On a related note, President Xi is expected to travel to Pyongyang in the coming weeks, potentially laying the groundwork for a subsequent Trump-Kim Jong-un meeting. In January 2019, Kim visited Xi in Beijing after Trump asked Xi on the sidelines of the December 2018 G20 summit in Buenos Aires to help facilitate a meeting with the North Korean leader. That Xi-Kim Beijing meeting laid the groundwork for the subsequent Trump-Kim meeting in Hanoi in February 2019.
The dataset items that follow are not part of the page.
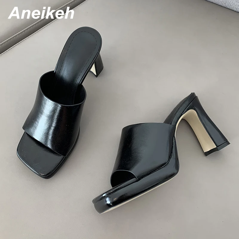 Сандалии Aneikeh 2022 в римском стиле с квадратным открытым носком, модные сандалии из искусственной кожи с цветочным украшением, женские мюли на...
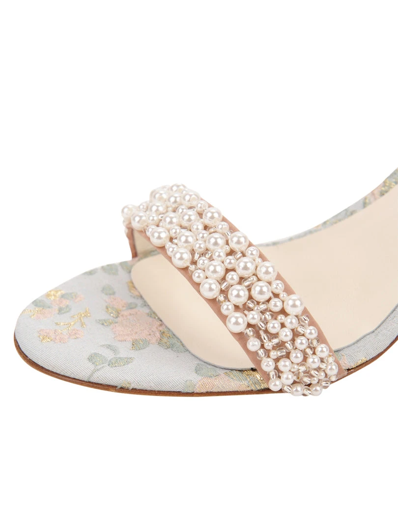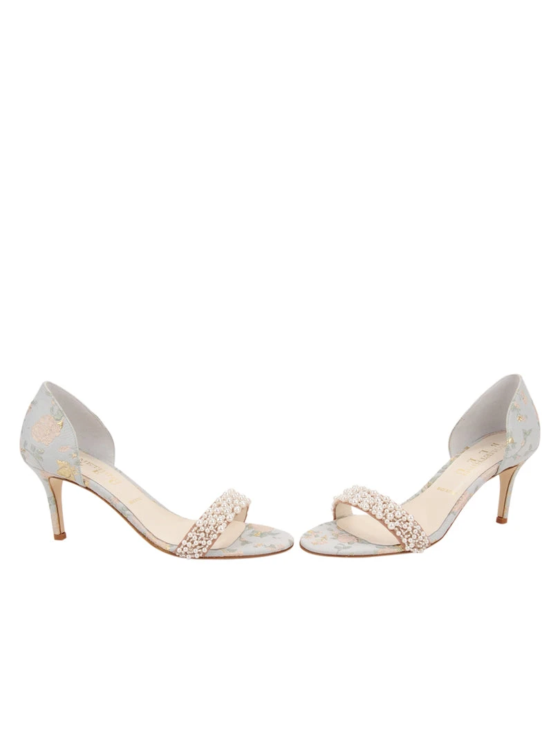 Encrusted with a lustrous array of the sea’s coveted gems, Something Bleu’s satin d’orsays are timelessly elegant.
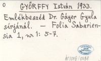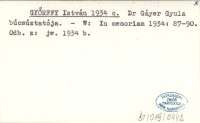 GYŐRFFY István 1934 a Dr Gáyer Gyula [...]. Nekrologus.
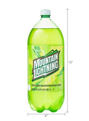 Great Value Mountain Lightning Soda Pop delivers an exhilarating flavor in every sip. Mountain Lightning stands apart from the pack with the perfect combination of refreshing citrus with crisp carbonated bubbles in every glass. This delicious beverage offers natural flavors and is a great alternative to traditional soda. It comes in a convenient two-liter bottle, making it perfect for picnics, pool parties, fun family dinners and more. Enjoy this drink by itself over ice, mix with fresh lime or lemon juice for a refreshing twist, or use it create scrumptious mixed drinks for the adults by adding the alcohol of your choice. Share a glass of Great Value Mountain Lightning Soda Pop with friends and family and transform any ordinary moment into extraordinary.
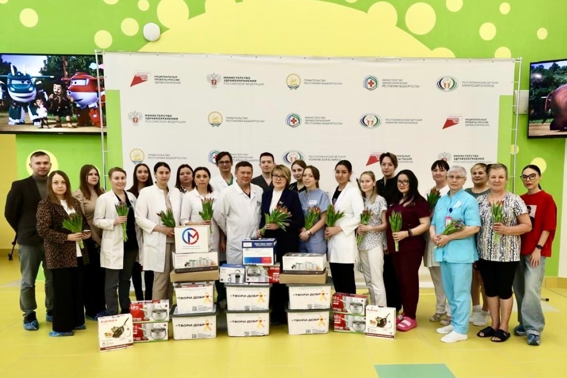 Книги, настольные игры, раскраски, детская посуда и наборы для творчества — все это волонтеры проекта «Твори Добро» собрали и передали в центр детской онкологии и гематологии. Здесь проходят лечение маленькие пациенты, и чтобы поддержать их, была создана «Коробка храбрости» — после каждой медицинской процедуры ребенок может выбрать из нее подарок, который помогает отвлечься и почувствовать себя лучше. В этот раз в рамках акции в больницу привезли не только игрушки, но и кастрюли со сковородками — они помогут родителям, которые находятся рядом с детьми в стационаре. А медицинский персонал, особенно его женская половина, был приятно удивлен букетами тюльпанов. Инициатор проекта — член Общественной палаты Башкортостана Светлана Туразянова. Впервые она привезла четыре «Коробки храбрости» в онкогематологическое отделение РДКБ в октябре 2021 года. С тех пор, вместе с командой «Твори Добро», она передала в больницу тысячи игрушек, организовала десятки мероприятий для детей и их родителей, обо

The U.S. and China also exchanged views and reiterated their positions on Taiwan, and held detailed discussions on the administration’s controversial arms sales package. The future status of the arms sales package remains an open question. While the package — a massive one featuring advanced command and control systems, surface-to-air missiles, radars, and counter-drone capabilities — is currently being held “in abeyance,” it is unlikely to serve as a “very good negotiating chip” vis-à-vis Beijing. For one, doing so would violate the U.S.’ own One China Policy, which prohibits linking Taiwan arms sales to negotiations with Beijing. Second, it would establish an unprecedented linkage between arms sales and commercial or political matters in the context of cross-strait relations. On the other hand, a presidential endorsement of a high-profile arms package to Taiwan could severely disrupt plans for Xi’s high-stakes White House visit on September 24. Trump is clearly in a difficult position, and his response — whichever way it goes — will reveal much about his China priorities.